[Dataset excerpts]
---

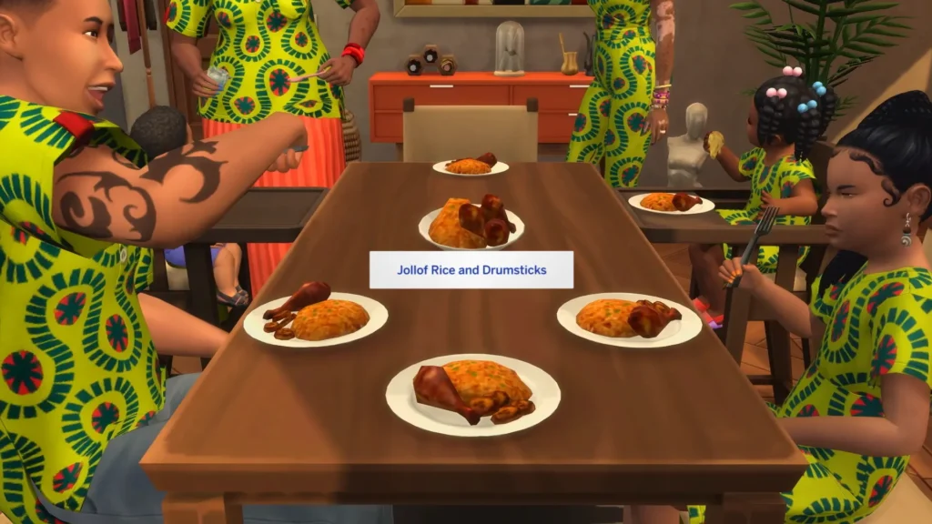 Cooking is another essential part of cultural expression. With this update, Sims can now cook Jollof Rice with Chicken Drumsticks, one of West Africa’s most beloved dishes. Found in countries like Senegal, Nigeria, and Ghana, this one-pot meal blends long-grain rice, vegetables, meat, and spices into a flavorful experience perfect for any gathering.
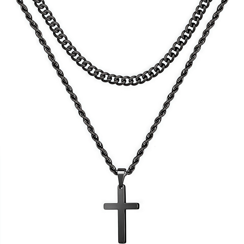 Color: Black double-layer necklace (twist chain + cuban chain)
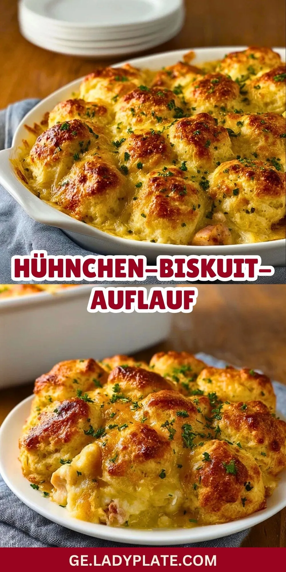 Ein saftiger Hühnchen-Biskuit-Auflauf mit lockeren Biskuit-Teigstücken, goldener Käsekruste und cremiger Sauce – ein perfektes Familienessen, das Groß und Klein begeistert. Schnell zubereitet und wunderbar variabel!
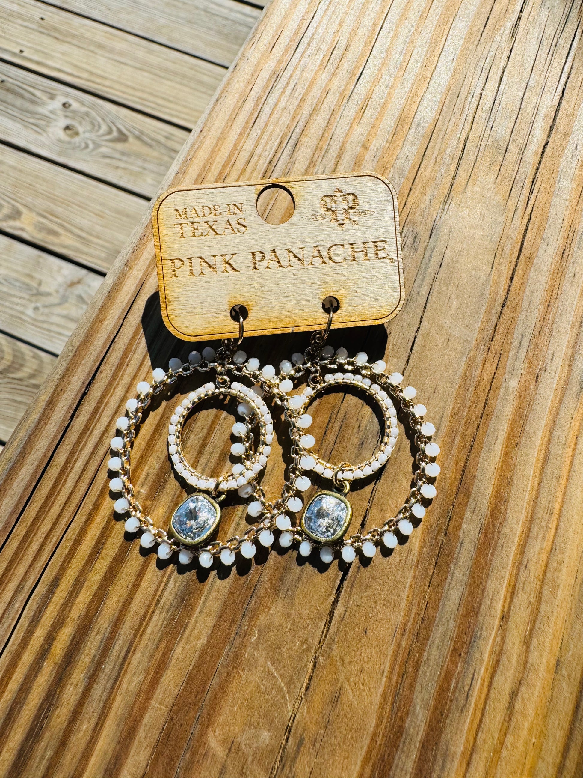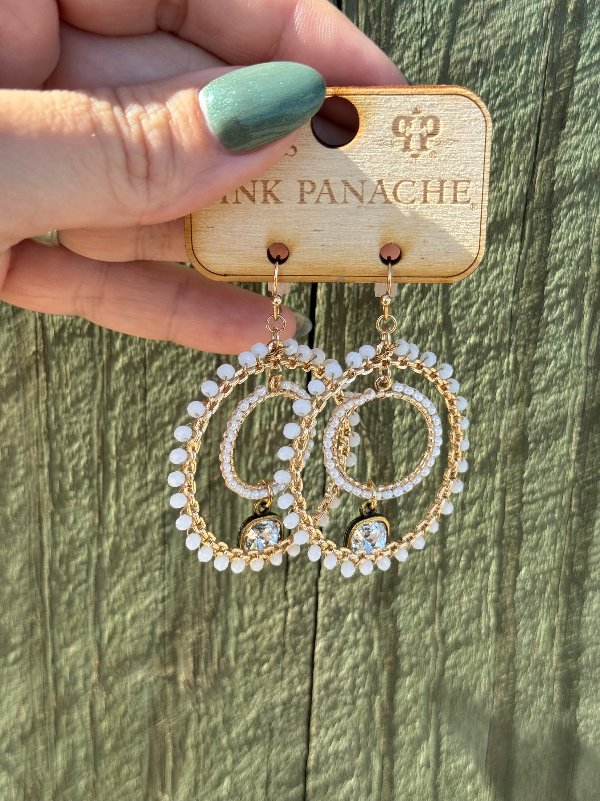- Beaded White Gold Circle Earrings
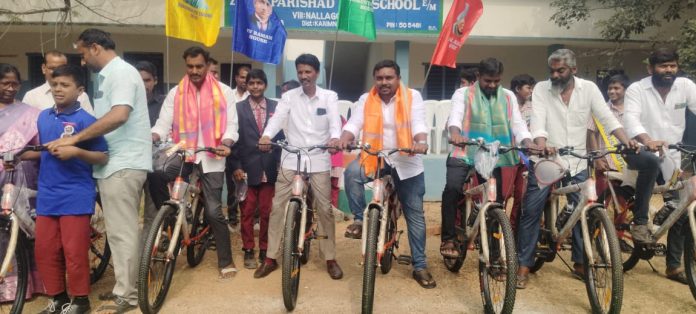 కాకతీయ, కరీంనగర్ : ప్రభుత్వ పాఠశాలల్లో విద్యతో పాటు విలువల బోధ జరుగుతుందని తిమ్మాపూర్ మండల బీజేపీ అధ్యక్షుడు సుగుర్తి జగదీశ్వరాచారి అన్నారు. కేంద్ర మంత్రి బండి సంజయ్ ‘మోదీ గిఫ్ట్’ పేరిట 10వ తరగతి విద్యార్థులకు ఉచితంగా అందిస్తున్న సైకిళ్లను గురువారం నల్లగొండ జడ్పీ పాఠశాల విద్యార్థులకు పంపిణీ చేశారు. పాఠశాల ప్రధానోపాధ్యాయులు వెంకటేశ్వర్ అధ్యక్షతన నిర్వహించిన ఈ కార్యక్రమంలో జగదీశ్వరాచారి ముఖ్య అతిథిగా పాల్గొన్నారు. ఈ సందర్భంగా జగదీశ్వరాచారి మాట్లాడుతూ ప్రభుత్వ పాఠశాలల్లో నాణ్యమైన విద్యతో పాటు సంస్కారాలు, విలువలు బోధించబడుతున్నాయని అన్నారు. విద్యార్థుల సంఖ్య పెంచేందుకు గ్రామస్తులు అందరూ సహకరించాలని కోరారు. కష్టపడి చదివి ఉత్తమ ఫలితాలు సాధిస్తే భవిష్యత్ మరింత उज్వలంగా ఉంటుందని విద్యార్థులకు సూచించారు.
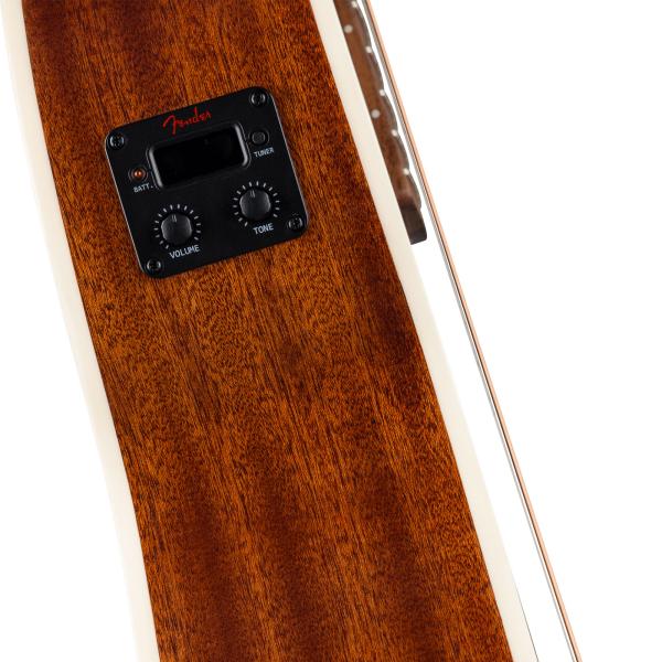 Vous pourrez aisément et efficacement l'amplifier grâce au pré-ampli Fender embarqué qui permet de contrôle volume, la tonalité et d'accorder l'instrument.
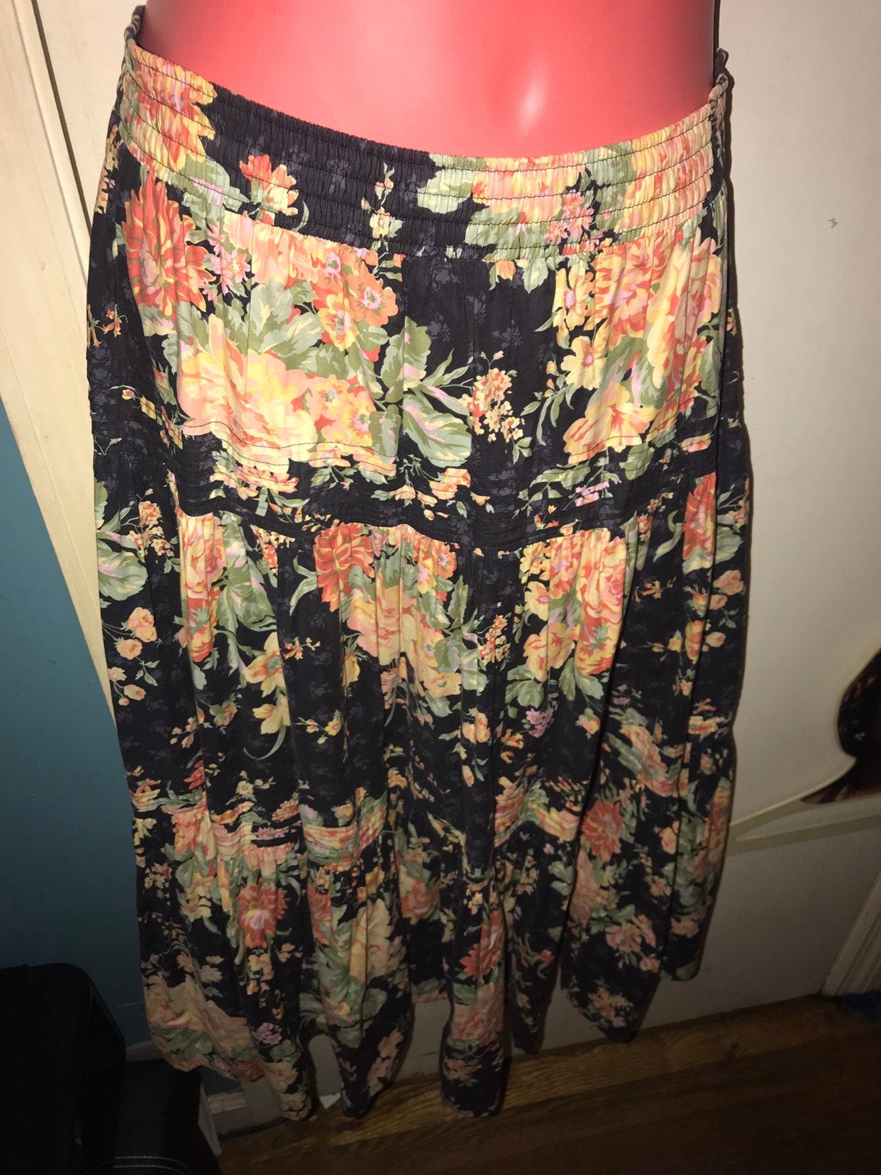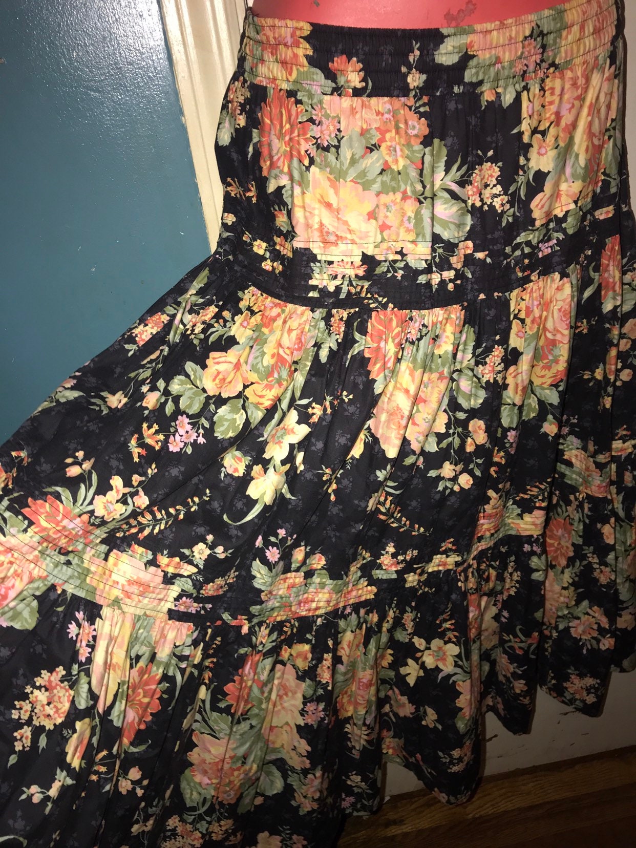 This is a great classic Laura Ashley floral pattern maxi skirt. It’s so awesome! it’s full and flowy so it flairs! It’s got an elastic waist for ultimate comfort! Very nice, in good vintage condition.
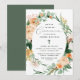 Lindos convites da Comunidade com um elegante tom pastel neutro, elegante e neutro, molhado floral botânico em tons suaves de pêssego, laranja, pincel suave, amarelos, e muitos tons de verde de sábio verde a verdes brilhantes e profundos. Seus detalhes personalizados são exibidos em um elevado layout tipográfico que coloca a doce garota na frente e no centro.

---

Exercise goal: Please copy only the lines from the one that contains "కాకతీయ, కరీంనగర్ : ప్రభుత్వ" through the last line of the records, exactly, and keep every picture out of the copy.

Result:
 కాకతీయ, కరీంనగర్ : ప్రభుత్వ పాఠశాలల్లో విద్యతో పాటు విలువల బోధ జరుగుతుందని తిమ్మాపూర్ మండల బీజేపీ అధ్యక్షుడు సుగుర్తి జగదీశ్వరాచారి అన్నారు. కేంద్ర మంత్రి బండి సంజయ్ ‘మోదీ గిఫ్ట్’ పేరిట 10వ తరగతి విద్యార్థులకు ఉచితంగా అందిస్తున్న సైకిళ్లను గురువారం నల్లగొండ జడ్పీ పాఠశాల విద్యార్థులకు పంపిణీ చేశారు. పాఠశాల ప్రధానోపాధ్యాయులు వెంకటేశ్వర్ అధ్యక్షతన నిర్వహించిన ఈ కార్యక్రమంలో జగదీశ్వరాచారి ముఖ్య అతిథిగా పాల్గొన్నారు. ఈ సందర్భంగా జగదీశ్వరాచారి మాట్లాడుతూ ప్రభుత్వ పాఠశాలల్లో నాణ్యమైన విద్యతో పాటు సంస్కారాలు, విలువలు బోధించబడుతున్నాయని అన్నారు. విద్యార్థుల సంఖ్య పెంచేందుకు గ్రామస్తులు అందరూ సహకరించాలని కోరారు. కష్టపడి చదివి ఉత్తమ ఫలితాలు సాధిస్తే భవిష్యత్ మరింత उज్వలంగా ఉంటుందని విద్యార్థులకు సూచించారు.
 Vous pourrez aisément et efficacement l'amplifier grâce au pré-ampli Fender embarqué qui permet de contrôle volume, la tonalité et d'accorder l'instrument.
 This is a great classic Laura Ashley floral pattern maxi skirt. It’s so awesome! it’s full and flowy so it flairs! It’s got an elastic waist for ultimate comfort! Very nice, in good vintage condition.
 Lindos convites da Comunidade com um elegante tom pastel neutro, elegante e neutro, molhado floral botânico em tons suaves de pêssego, laranja, pincel suave, amarelos, e muitos tons de verde de sábio verde a verdes brilhantes e profundos. Seus detalhes personalizados são exibidos em um elevado layout tipográfico que coloca a doce garota na frente e no centro.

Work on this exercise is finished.